Outgoing Pacific Mags boss Peter Zavecz recently commented on this very phenomenon, calling falling ad sales as an “over-reaction to loss of audience – the revenue declines have been far more pronounced than the audience declines.” He claims media agencies (and by extension clients) have “unfairly treated magazines because they haven’t been able to properly manage the engagement magazines bring and brand-alignment associations, what that brings.” Print circulation figures are often used as the be-all and end-all to prove how well a publication is doing, but Zavecz says that’s too blunt a metric. “You can stick a balloon in the sky and claim all of Sydney saw you but that doesn’t mean people engaged with you and that’s what magazines deliver.”
This is something I saw in my years in print publishing: younger clients and agencies that had never read, bought or understood the appeal of print, despite, as mentioned, a relatively stable readership, at least in comparison to revenue drop-off. Consider some of print’s benefits:
• There are no ad-blockers in a printed publication, unlike online, where one study found 70 per cent of mobile users had ad blockers installed or thought about it. In a magazine, alternatively, ads are (or should be) well-designed pieces of art with a commercial proposition. If done well, they contribute to, rather than take away from, the reading experience.
• Tactile engagement and relationship with a product. Studies have shown that consumers trust print media much more than online news and advertising, which to some extent still has the reputation of tacky and potentially unsafe (‘What am I actually clicking on here?’). You engage directly with a printed product, because you physically have to touch it and are thus less prone to being distracted.

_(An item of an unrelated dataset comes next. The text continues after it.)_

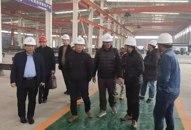 在工作人员的陪同下,考察团一行进入江苏中天杭萧的厂房,这里分布着依托bd游戏的官方 钢结构住宅体系技术为支撑的若干生产线。江苏中天杭萧常务副总何斌介绍到,江苏中天杭萧于2017年3月20日正式开工建设,2018年5月试运行,8月份与上海美建建筑系统(中国)有限公司(美全资企业)建立长期合作关系。目前已参与南京苏宁、昆山唯品会华东运营中心、德国赛夫汽车零部件、南京天加低温余热发电机组、杭州天融置业项目、徐州天虹、淮安涟水创新创业园等项目。通过常务副总何斌的详细介绍及亲身考察,考察团一行对江苏中天杭萧的综合实力有了更深的了解。

• Social proof. The calibre of companies that do still include print in their marketing strategies tend to be high-end: Mercedes, Rolex, Tag Heuer. Businesses with an interest in appearing upmarket have not abandoned print just yet. Print can be an expensive proposition, so many luxury brands have understood the benefit.
Speaking at a recent event, Martin Wanless of Mahlab Media presented new research by Media Works that showed adding a print component to advertising campaigns increased campaign effectiveness by 20–40 per cent. “In 2016, in my opinion,” Wanless said, “only a digital dinosaur would ignore print.” (In addition, digital advertising is proving pretty ineffective, in Australia in particular, where we have one of the lowest click-through rates for banner ads in the world.)

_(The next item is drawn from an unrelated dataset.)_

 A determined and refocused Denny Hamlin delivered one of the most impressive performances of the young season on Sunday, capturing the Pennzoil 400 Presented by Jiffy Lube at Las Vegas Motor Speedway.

But try telling any of that to your 22-year-old media manager who has never even been inside a news agency and doesn’t remember a time when you couldn’t get any content you liked for free.
If print is to still be viable, it needs to be part of an integrated campaign that includes digital platforms without devaluing its (admittedly) most expensive product. It’s convincing new or naïve clients the importance of branding that becomes the real challenge. People are now conditioned to want a quick ROI without much of an actual investment. (And remember the old quick/fast/good dilemma.)
So we come to the real crux: branding and engagement. No matter what the delivery system — digital, print, a combination of the two or, hell, a sky writer — a company’s brand is its most valuable asset, if it’s to have any staying power.
A brand’s integrity is much more important than click-throughs. Worrying so much about automatic return is misunderstanding the role of advertising. That’s an out-dated theory of media called the hypodermic needle theory, which says that any piece of communication will be automatically received and accepted by the audience. We all know from our own lives this isn’t how it works. Did you buy your car because you saw ONE ad that programmed your brain to want that car? Of course not. You gradually built up a trust with a particular brand, you did your research and decided on the car for you.
But clients and media agencies often put the cart before the horse. People don’t know why they make the choices they make and media agencies can’t show any numbers for branding and awareness. You can’t survey someone about why they bought x product over y because branding can (and should) be subtle and, ultimately, almost invisible. You engage with a brand because you’ve developed a relationship with it.
At Hook Media, when we create content for and on behalf of clients, advertising is never the end goal. We have so far been lucky to work with companies that understand the importance of having a strong brand and that associating yourself with high-quality content, be it video, photography or written articles, will drive sales down the line. We want our viewers to be engaged with the brand first and foremost. No need to put a sales call to action on every single thing. Build it and they will come.
It’s taking the long view, but ultimately it’s where things are headed. The smart companies are the ones that have strong brand integrity and a strategy for getting their name out there, without having to feature product shots beckoning you to BUY BUY BUY. Those kinds of businesses might get some click-throughs — but guaranteed they’re not getting people interested in engaging with their brand.
The challenge is to convince clients and media agencies that whatever the strategy, the focus should be on long-term development of a brand that customers will want to engage with.